→ Your objective
Copy out the data below from the line containing "Anadolu Yayıncılar Derneği" to the line containing "Celebrate all moms", both lines included, with all images left out.

→ Source material
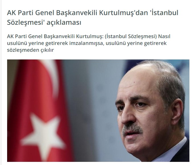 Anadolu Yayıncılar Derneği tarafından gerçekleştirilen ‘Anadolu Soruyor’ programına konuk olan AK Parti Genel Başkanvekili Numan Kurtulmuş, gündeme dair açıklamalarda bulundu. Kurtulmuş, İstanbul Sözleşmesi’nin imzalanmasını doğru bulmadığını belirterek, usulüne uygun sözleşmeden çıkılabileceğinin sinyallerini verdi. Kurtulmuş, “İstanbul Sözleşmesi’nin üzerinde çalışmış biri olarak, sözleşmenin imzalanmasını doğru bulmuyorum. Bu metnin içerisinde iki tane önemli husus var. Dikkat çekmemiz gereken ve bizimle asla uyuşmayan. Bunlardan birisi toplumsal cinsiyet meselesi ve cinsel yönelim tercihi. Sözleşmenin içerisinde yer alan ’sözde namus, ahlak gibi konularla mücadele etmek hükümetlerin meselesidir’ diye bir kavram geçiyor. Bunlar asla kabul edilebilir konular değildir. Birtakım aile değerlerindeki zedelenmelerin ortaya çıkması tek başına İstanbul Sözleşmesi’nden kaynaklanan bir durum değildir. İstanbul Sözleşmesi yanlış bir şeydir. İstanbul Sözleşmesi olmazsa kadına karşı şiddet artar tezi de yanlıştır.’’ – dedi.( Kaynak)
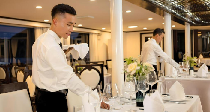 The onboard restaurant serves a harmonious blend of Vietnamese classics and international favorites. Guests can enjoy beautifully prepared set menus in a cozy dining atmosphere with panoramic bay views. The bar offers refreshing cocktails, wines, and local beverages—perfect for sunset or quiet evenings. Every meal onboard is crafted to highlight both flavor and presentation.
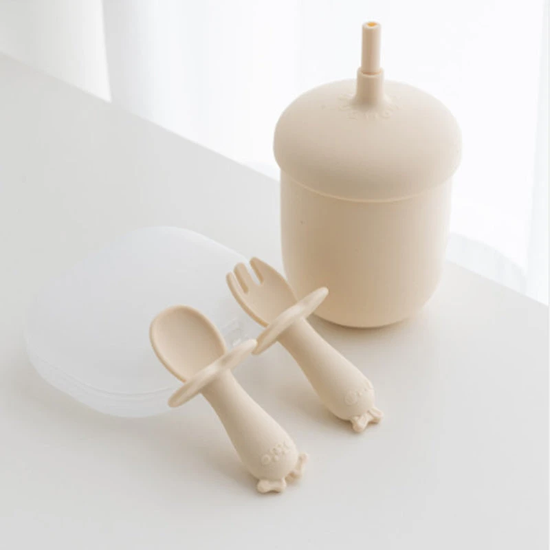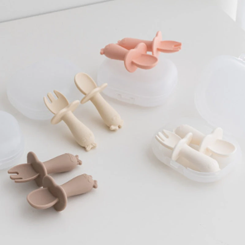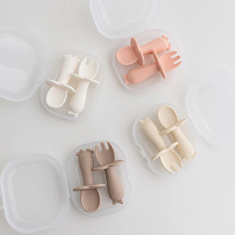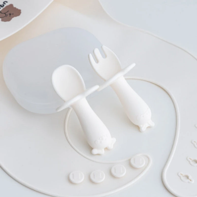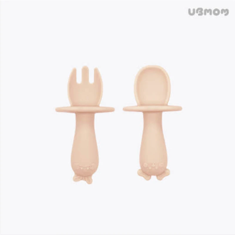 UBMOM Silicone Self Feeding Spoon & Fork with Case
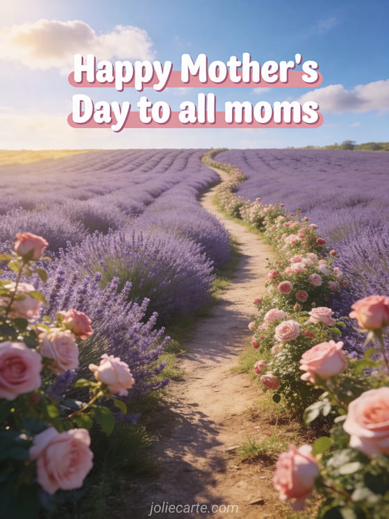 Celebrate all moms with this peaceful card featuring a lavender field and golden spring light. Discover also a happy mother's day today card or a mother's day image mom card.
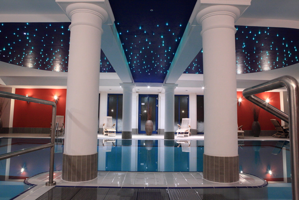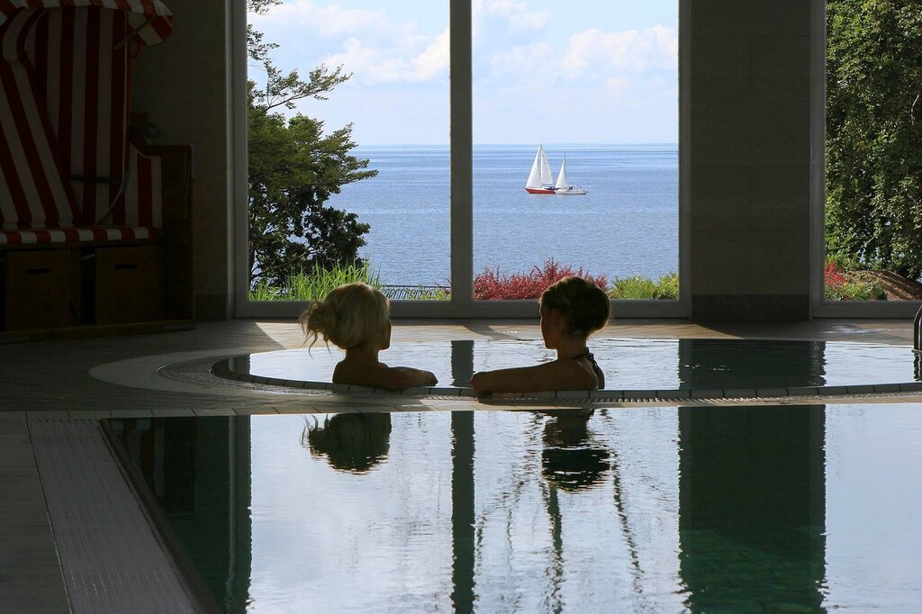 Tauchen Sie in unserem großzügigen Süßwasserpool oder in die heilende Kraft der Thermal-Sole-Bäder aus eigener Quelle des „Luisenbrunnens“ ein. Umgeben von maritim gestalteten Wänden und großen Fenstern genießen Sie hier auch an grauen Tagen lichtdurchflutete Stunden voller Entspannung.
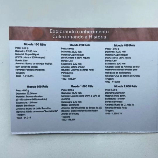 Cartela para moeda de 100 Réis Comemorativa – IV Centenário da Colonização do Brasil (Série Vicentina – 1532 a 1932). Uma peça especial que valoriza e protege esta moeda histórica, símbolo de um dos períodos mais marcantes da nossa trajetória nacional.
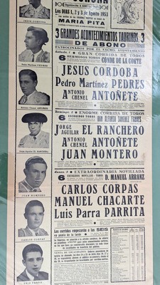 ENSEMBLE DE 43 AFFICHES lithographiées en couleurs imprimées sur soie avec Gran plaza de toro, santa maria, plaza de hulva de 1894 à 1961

---

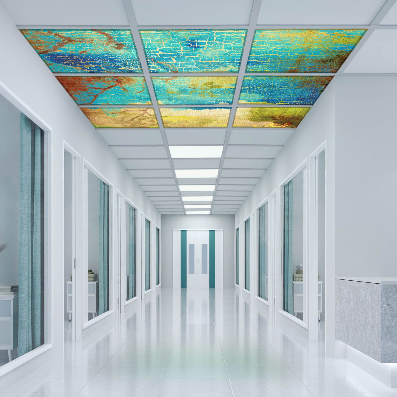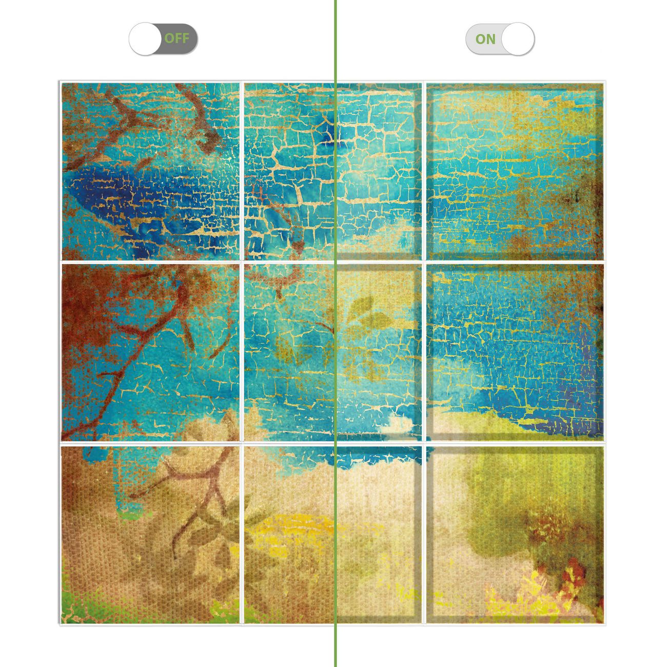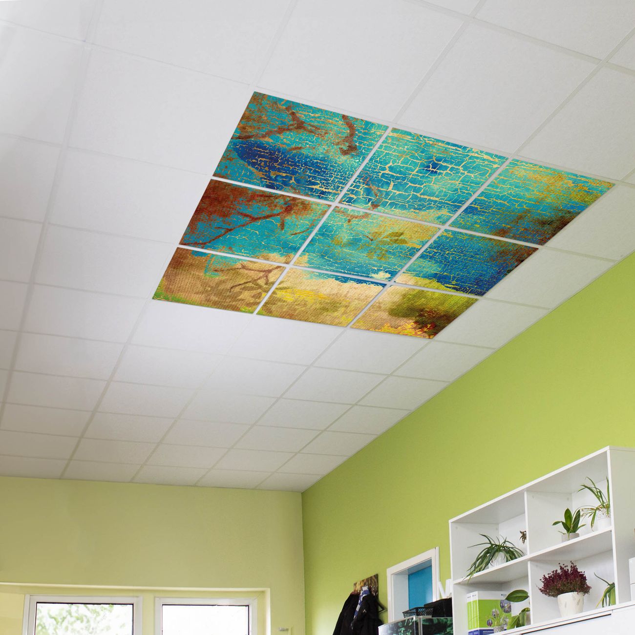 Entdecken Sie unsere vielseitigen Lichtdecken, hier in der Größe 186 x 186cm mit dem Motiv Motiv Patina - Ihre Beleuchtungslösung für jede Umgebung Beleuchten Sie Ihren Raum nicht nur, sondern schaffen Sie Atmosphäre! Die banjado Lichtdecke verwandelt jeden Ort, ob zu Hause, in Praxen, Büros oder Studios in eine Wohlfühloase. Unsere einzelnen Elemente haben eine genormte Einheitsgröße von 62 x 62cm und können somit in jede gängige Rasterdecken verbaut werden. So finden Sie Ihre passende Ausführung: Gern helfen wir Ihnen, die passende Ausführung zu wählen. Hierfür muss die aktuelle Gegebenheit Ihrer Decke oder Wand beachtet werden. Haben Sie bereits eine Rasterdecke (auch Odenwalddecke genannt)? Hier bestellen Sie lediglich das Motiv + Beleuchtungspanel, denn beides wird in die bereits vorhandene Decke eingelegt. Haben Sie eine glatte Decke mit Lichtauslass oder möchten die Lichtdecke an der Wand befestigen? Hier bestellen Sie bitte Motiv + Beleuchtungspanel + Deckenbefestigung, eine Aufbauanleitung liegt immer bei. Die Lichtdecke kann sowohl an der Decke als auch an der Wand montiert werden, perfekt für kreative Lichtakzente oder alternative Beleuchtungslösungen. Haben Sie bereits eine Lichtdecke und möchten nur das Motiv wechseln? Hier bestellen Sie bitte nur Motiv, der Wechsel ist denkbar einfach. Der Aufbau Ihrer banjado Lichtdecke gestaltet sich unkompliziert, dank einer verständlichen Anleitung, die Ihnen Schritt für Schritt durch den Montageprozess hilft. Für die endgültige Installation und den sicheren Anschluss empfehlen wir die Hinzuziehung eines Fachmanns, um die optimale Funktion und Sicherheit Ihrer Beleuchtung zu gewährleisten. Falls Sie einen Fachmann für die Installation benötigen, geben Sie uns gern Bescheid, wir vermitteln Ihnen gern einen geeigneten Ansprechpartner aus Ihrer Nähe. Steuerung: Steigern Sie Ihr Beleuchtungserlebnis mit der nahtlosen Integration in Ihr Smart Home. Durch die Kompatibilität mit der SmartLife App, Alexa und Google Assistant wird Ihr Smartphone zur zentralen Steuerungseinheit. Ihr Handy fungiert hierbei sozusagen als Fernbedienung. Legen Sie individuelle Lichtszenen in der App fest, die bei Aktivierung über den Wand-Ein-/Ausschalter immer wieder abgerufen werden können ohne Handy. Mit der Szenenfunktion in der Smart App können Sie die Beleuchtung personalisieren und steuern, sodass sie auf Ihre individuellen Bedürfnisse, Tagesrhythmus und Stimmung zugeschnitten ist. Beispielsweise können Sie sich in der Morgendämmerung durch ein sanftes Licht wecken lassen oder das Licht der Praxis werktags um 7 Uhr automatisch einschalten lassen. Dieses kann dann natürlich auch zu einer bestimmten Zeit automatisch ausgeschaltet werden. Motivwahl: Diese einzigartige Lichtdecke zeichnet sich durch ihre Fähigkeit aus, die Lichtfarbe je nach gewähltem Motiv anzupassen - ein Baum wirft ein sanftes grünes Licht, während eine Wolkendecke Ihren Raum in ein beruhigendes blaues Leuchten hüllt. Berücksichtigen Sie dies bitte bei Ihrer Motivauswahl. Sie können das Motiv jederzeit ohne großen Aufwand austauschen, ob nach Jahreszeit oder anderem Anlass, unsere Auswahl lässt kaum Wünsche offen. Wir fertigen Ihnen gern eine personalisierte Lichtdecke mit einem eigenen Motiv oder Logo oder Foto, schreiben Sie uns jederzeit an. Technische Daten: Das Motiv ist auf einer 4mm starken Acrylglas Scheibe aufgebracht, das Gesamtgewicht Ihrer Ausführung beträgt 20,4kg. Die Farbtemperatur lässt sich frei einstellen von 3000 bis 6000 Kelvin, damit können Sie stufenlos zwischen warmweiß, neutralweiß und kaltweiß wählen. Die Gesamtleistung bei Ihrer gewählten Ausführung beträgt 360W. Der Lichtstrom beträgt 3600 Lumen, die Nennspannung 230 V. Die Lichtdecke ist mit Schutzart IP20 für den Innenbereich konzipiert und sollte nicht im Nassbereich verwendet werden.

→ Written answer
 Anadolu Yayıncılar Derneği tarafından gerçekleştirilen ‘Anadolu Soruyor’ programına konuk olan AK Parti Genel Başkanvekili Numan Kurtulmuş, gündeme dair açıklamalarda bulundu. Kurtulmuş, İstanbul Sözleşmesi’nin imzalanmasını doğru bulmadığını belirterek, usulüne uygun sözleşmeden çıkılabileceğinin sinyallerini verdi. Kurtulmuş, “İstanbul Sözleşmesi’nin üzerinde çalışmış biri olarak, sözleşmenin imzalanmasını doğru bulmuyorum. Bu metnin içerisinde iki tane önemli husus var. Dikkat çekmemiz gereken ve bizimle asla uyuşmayan. Bunlardan birisi toplumsal cinsiyet meselesi ve cinsel yönelim tercihi. Sözleşmenin içerisinde yer alan ’sözde namus, ahlak gibi konularla mücadele etmek hükümetlerin meselesidir’ diye bir kavram geçiyor. Bunlar asla kabul edilebilir konular değildir. Birtakım aile değerlerindeki zedelenmelerin ortaya çıkması tek başına İstanbul Sözleşmesi’nden kaynaklanan bir durum değildir. İstanbul Sözleşmesi yanlış bir şeydir. İstanbul Sözleşmesi olmazsa kadına karşı şiddet artar tezi de yanlıştır.’’ – dedi.( Kaynak)
 The onboard restaurant serves a harmonious blend of Vietnamese classics and international favorites. Guests can enjoy beautifully prepared set menus in a cozy dining atmosphere with panoramic bay views. The bar offers refreshing cocktails, wines, and local beverages—perfect for sunset or quiet evenings. Every meal onboard is crafted to highlight both flavor and presentation.
 UBMOM Silicone Self Feeding Spoon & Fork with Case
 Celebrate all moms with this peaceful card featuring a lavender field and golden spring light. Discover also a happy mother's day today card or a mother's day image mom card.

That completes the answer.